# LISTED ENTRIES
***

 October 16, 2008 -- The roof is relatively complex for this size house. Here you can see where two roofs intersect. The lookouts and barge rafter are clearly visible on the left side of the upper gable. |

***

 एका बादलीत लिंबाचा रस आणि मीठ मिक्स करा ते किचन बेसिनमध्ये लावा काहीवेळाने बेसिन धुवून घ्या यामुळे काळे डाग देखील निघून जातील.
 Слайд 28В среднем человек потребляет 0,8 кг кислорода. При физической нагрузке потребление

***

# YOUR GOAL
Everything above from the line containing "एका बादलीत लिंबाचा" down to the line containing "Слайд 28В среднем" should be copied exactly, both end lines included, and nothing else.

# SOLVED EXERCISE
 एका बादलीत लिंबाचा रस आणि मीठ मिक्स करा ते किचन बेसिनमध्ये लावा काहीवेळाने बेसिन धुवून घ्या यामुळे काळे डाग देखील निघून जातील.
 Слайд 28В среднем человек потребляет 0,8 кг кислорода. При физической нагрузке потребление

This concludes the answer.